PROVIDED RECORDS:
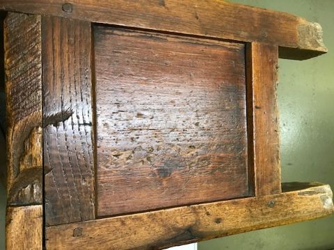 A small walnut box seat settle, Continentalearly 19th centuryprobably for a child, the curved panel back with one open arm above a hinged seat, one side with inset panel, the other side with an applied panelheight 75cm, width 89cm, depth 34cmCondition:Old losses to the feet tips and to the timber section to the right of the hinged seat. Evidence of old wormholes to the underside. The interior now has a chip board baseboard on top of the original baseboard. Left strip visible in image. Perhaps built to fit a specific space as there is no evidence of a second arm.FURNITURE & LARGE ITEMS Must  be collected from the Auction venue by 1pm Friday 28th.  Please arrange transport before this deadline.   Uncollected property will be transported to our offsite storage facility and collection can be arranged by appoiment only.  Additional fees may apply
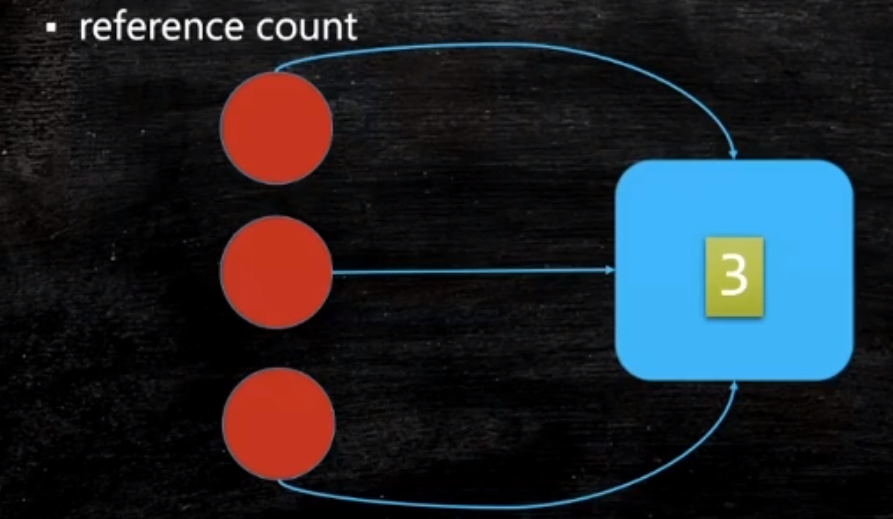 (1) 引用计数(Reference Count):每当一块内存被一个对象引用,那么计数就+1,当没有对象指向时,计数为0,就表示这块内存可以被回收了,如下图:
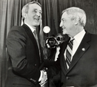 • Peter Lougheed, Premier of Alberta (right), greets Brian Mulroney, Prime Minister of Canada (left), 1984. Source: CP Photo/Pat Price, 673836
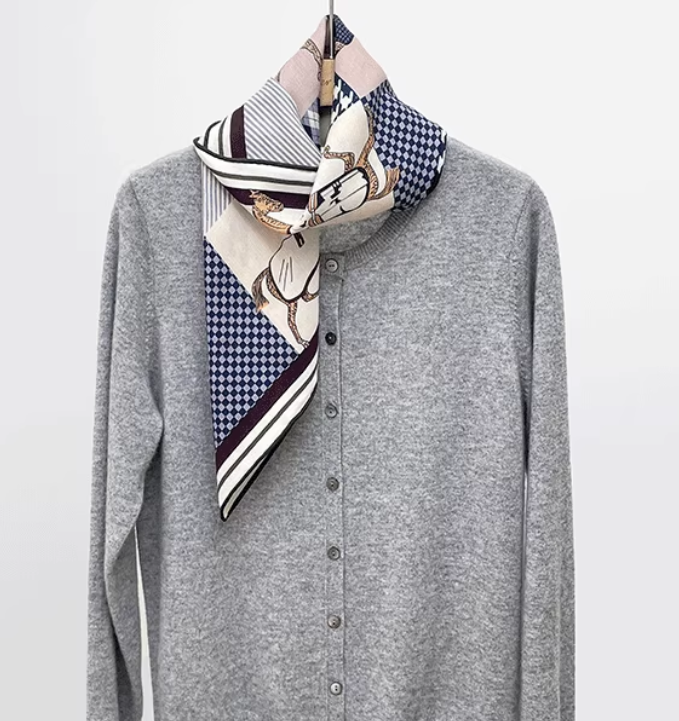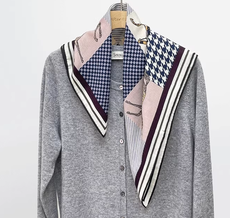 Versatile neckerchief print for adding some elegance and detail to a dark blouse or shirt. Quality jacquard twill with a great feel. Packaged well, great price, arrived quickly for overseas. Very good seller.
...
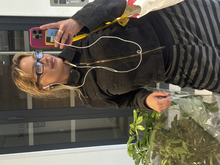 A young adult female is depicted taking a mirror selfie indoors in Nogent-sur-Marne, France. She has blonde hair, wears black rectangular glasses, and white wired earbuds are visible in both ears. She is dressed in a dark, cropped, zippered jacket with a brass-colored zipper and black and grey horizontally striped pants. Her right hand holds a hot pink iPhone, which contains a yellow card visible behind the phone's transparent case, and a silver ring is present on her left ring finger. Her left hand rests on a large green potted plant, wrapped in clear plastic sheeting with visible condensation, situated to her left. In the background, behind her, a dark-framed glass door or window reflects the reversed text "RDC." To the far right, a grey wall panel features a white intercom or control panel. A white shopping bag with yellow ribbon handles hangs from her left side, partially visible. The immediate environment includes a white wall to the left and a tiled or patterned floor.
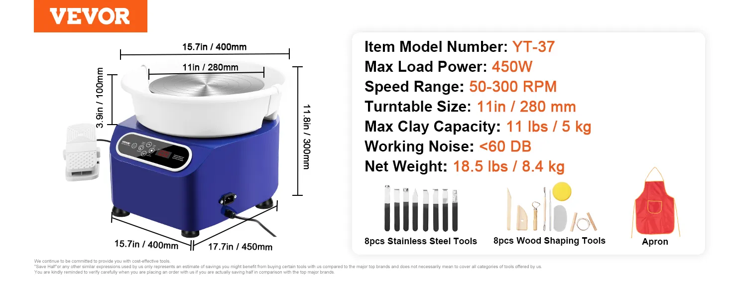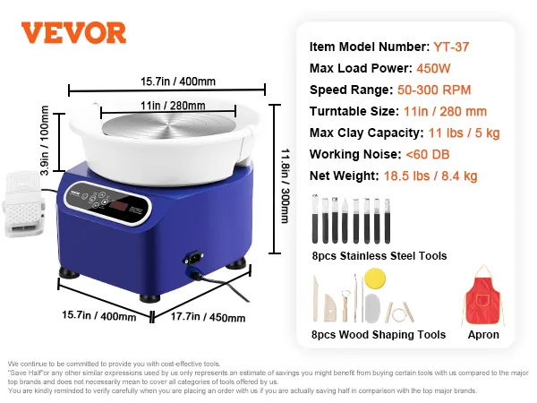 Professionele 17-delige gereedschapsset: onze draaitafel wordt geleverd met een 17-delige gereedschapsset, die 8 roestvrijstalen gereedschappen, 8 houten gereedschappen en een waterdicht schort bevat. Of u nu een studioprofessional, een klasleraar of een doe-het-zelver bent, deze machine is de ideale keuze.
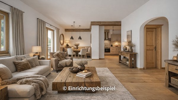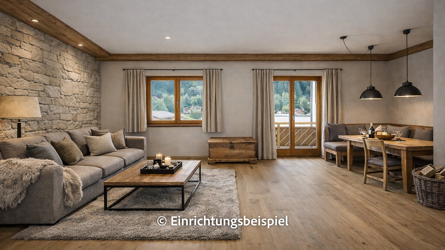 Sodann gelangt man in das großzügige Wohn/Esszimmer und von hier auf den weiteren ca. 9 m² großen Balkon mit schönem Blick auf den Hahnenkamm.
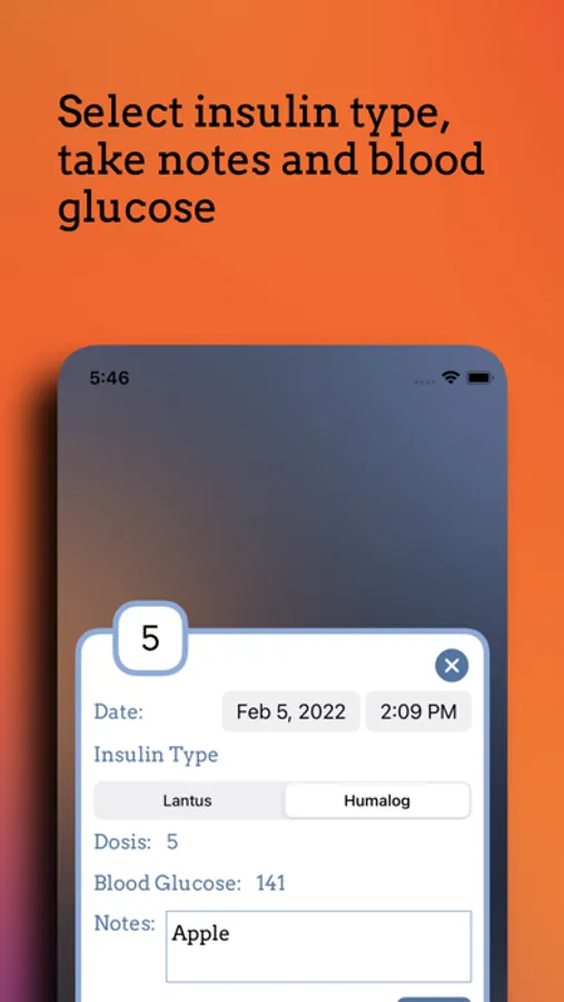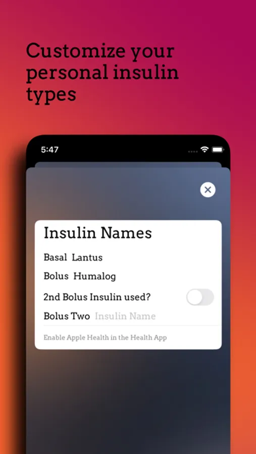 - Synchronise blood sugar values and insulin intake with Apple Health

PROBLEM REQUIREMENTS: In the listing above, find the line with "A small walnut" and the line with "Photo/Pat Price, 673836". Set down both and every line between them, minus the pictures.

WORKED SOLUTION:
 A small walnut box seat settle, Continentalearly 19th centuryprobably for a child, the curved panel back with one open arm above a hinged seat, one side with inset panel, the other side with an applied panelheight 75cm, width 89cm, depth 34cmCondition:Old losses to the feet tips and to the timber section to the right of the hinged seat. Evidence of old wormholes to the underside. The interior now has a chip board baseboard on top of the original baseboard. Left strip visible in image. Perhaps built to fit a specific space as there is no evidence of a second arm.FURNITURE & LARGE ITEMS Must  be collected from the Auction venue by 1pm Friday 28th.  Please arrange transport before this deadline.   Uncollected property will be transported to our offsite storage facility and collection can be arranged by appoiment only.  Additional fees may apply
 (1) 引用计数(Reference Count):每当一块内存被一个对象引用,那么计数就+1,当没有对象指向时,计数为0,就表示这块内存可以被回收了,如下图:
 • Peter Lougheed, Premier of Alberta (right), greets Brian Mulroney, Prime Minister of Canada (left), 1984. Source: CP Photo/Pat Price, 673836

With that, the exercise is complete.